Его ссадили в Москве, отвели в милицию, где с ходу определили, что возраст у него не пенсионный, а трудовой. И тут же, недолго думая, отправили на сорок пятый километр начинать новую жизнь. Он выпросил у милиционеров две картошины и щепотку соли и так рад был тому, что они не отказали ему. Знать, все же сердце у людей есть. Две картошины и щепотка соли приободрили его.
Сев в электричку, он приоткрыл окно. Ветерок легонько ударил по лицу. И, волнуясь, он глубоко задышал. Вновь, как и прежде, когда он в тот далекий майский день вылез из могилы, за окном благоухала весна. Он улыбнулся зеленым деревьям, цветущей сирени, траве.
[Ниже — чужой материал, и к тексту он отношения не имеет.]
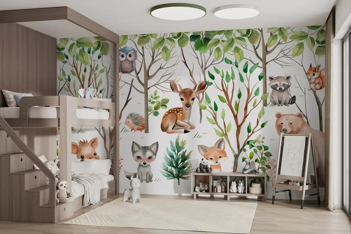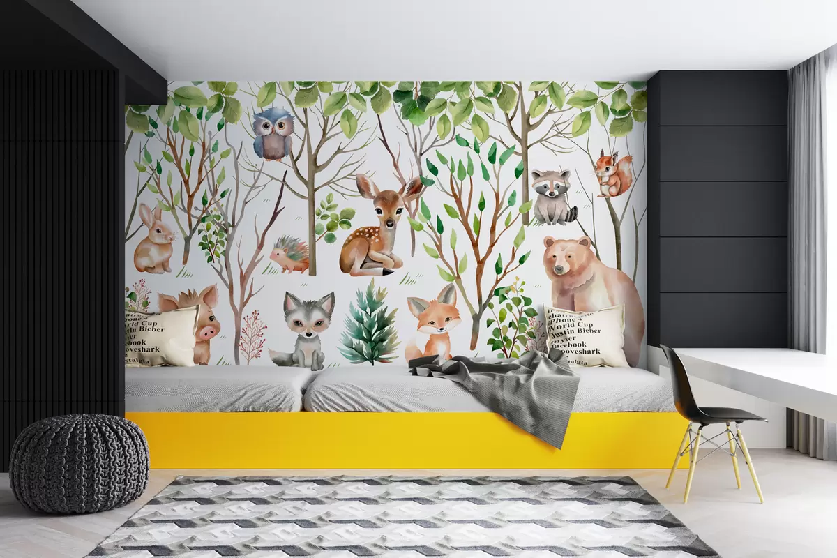 Murais de parede Papel de parede infantil com animais da floresta. Papel de parede colorido em um fundo branco Nr. w01127

— Это надо же, две картошины дали… — прошептал он и вдруг засмеялся по-новому, смело и просто, как смеялся когда то в детстве.
На работе с подозрением осмотрели его документы, подтверждающие освобождение и реабилитацию. А потом, удостоверившись, что все у него в норме, извинились:
— Ты, конечно, прости… Но среди вашего брата бывают ведь и уголовники.
Он поморщился. Ибо этим словом его вновь ранили. Он долго смотрел на начальника, стараясь не обращать на его слова внимания. Но не получалось. Мозг невидимыми зубами ухватился за эту обиду, не выпускал ее.